Вы это уже проверяли в потном автобусе. Там уже кто-то вас пнул, чтоб вы не отвлекали его от давки.
Вечером, когда возле вас кто-то громко захохочет, он будет привлекать внимание. Чем вы тише говорите, тем он громче хохочет. У вас теперь нет забот привлекать всеобщее внимание. Он все сделает сам.
Ничто не вызывает такую зависть, как хохот. Ну может, деньги. Да, деньги.
Когда у вас есть деньги, вашим шуткам улыбаются все. Когда же у вас много денег, вашим шуткам все смеются.
Но деньги вызывают смех одобрительный, заискивающий, смех одалживающий или просто любящий смех.
Но не хохот. Хохот обижает мецената. Он понимает, что не заслужил такого, и ему чудится издевка. И всё. Денег нет. Хотя хохот есть.
Хороший смех вызывает хорошая шутка.
Долгий смех вызывает хорошая и веселая шутка.
А нарастающий до визга, до слез, до «у меня плохо с сердцем» – шутка, развивающаяся по спирали.
Для этого у вас должно быть очень хорошее настроение.
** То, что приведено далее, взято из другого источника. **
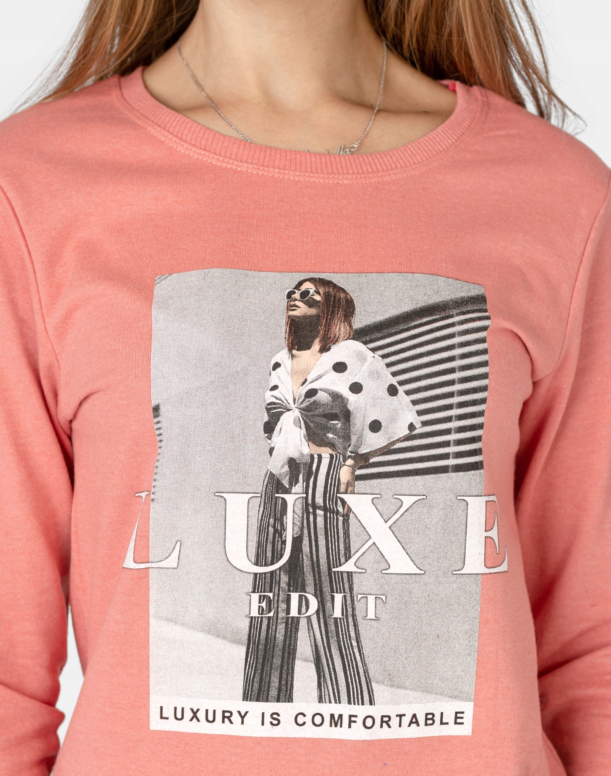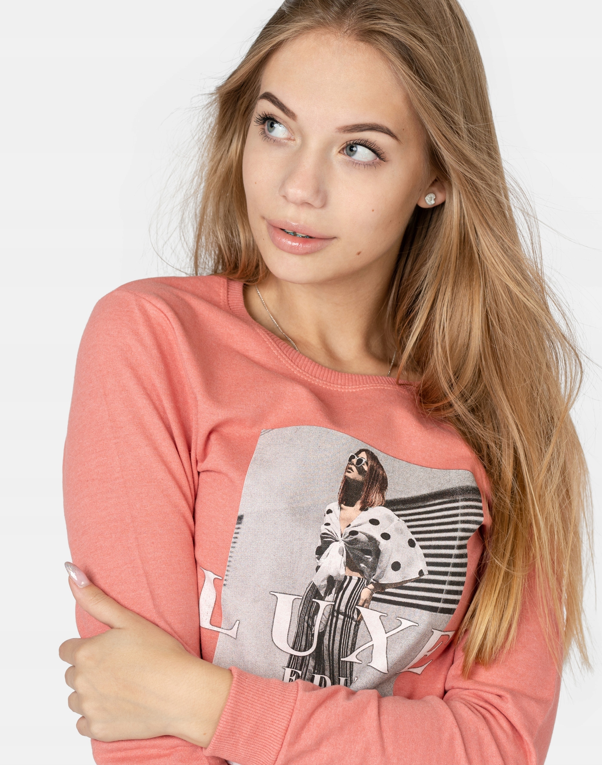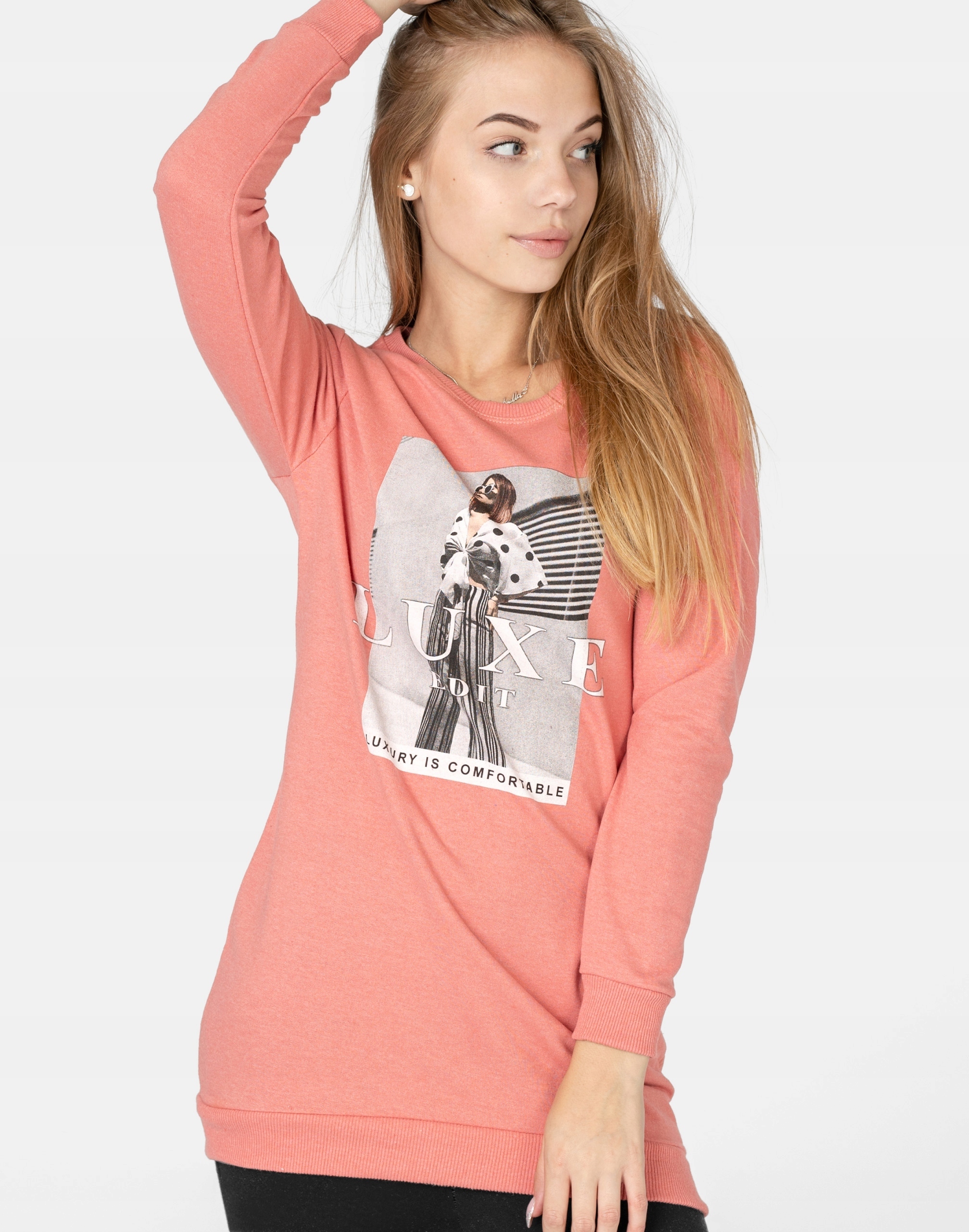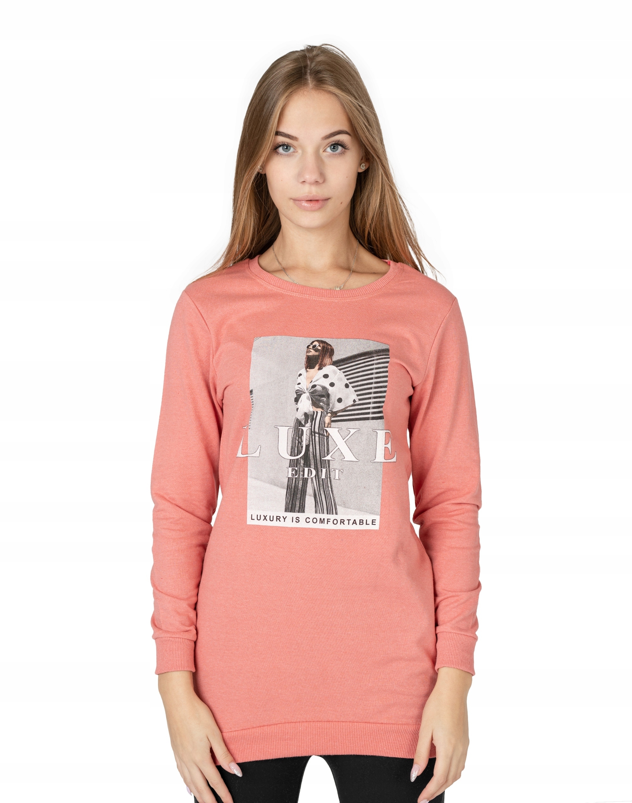 Długa sportowa bluza damska bawełniana z efektownym nadrukiem

Ну то есть в стране все хорошо, в городе все хорошо, в трамвае все хорошо, дома все хорошо, на душе все хорошо, а со здоровьем не просто хорошо, а очень хорошо, и коньяк должен быть хорошим, и жизнь интересной, потому что хохот нарастающий, визгливый до самых «не могу» вызывает уже не шутка, а ваша жизнь, заканчивающаяся шуткой.
Если вы хотите вызвать хохот с визгом, вы должны рассказать о себе. Тогда возле вас двое-трое будут падать, визжать, сгибаться, просить вас перестать. Тут уже все не выдержат…
Кроме того, кто шутил до вас – это наш враг. Он будет держаться до последнего. Он будет сидеть спиной и шепотом спрашивать: «Что он сказал?»
Но когда он развернется – все, ваша взяла. На его печальном лице вы прочтете вот эти слова: «Я не могу».
Шутите дальше. Вы должны сломить его. Нет-нет, вашей шутке он не засмеется. Его сломит хохот вокруг. Хохочут все, а он один печален.
Вот тут все скажут: он идиот. У него нет юмора. Это у того, кто веселил всех годами. Тут ваша взяла окончательно. Теперь шутить годами придется вам.
Ну для этого, как я уже говорил, надо всегда иметь интересную жизнь, быть в хорошем настроении, надо, чтоб всегда шло с утра, чтоб всегда собирались люди с юмором и чтоб у вас всегда было прекрасное настроение. Для этого должно быть все хорошо в стране. Инфляции нет. Случай холеры единичный, то есть ниоткуда не заразился и никого не заразил. В городе сухо. На душе хорошо. Хорошо дома, то есть жена, которая пришла утром, заявила, что поняла, что любит вас и что такого мужчины, как вы, больше все-таки нет… Хорошо на работе. Хорошо на юге. Единственное, я не могу подсказать, как именно пошутить в первый раз. Ну это несложно решить на месте.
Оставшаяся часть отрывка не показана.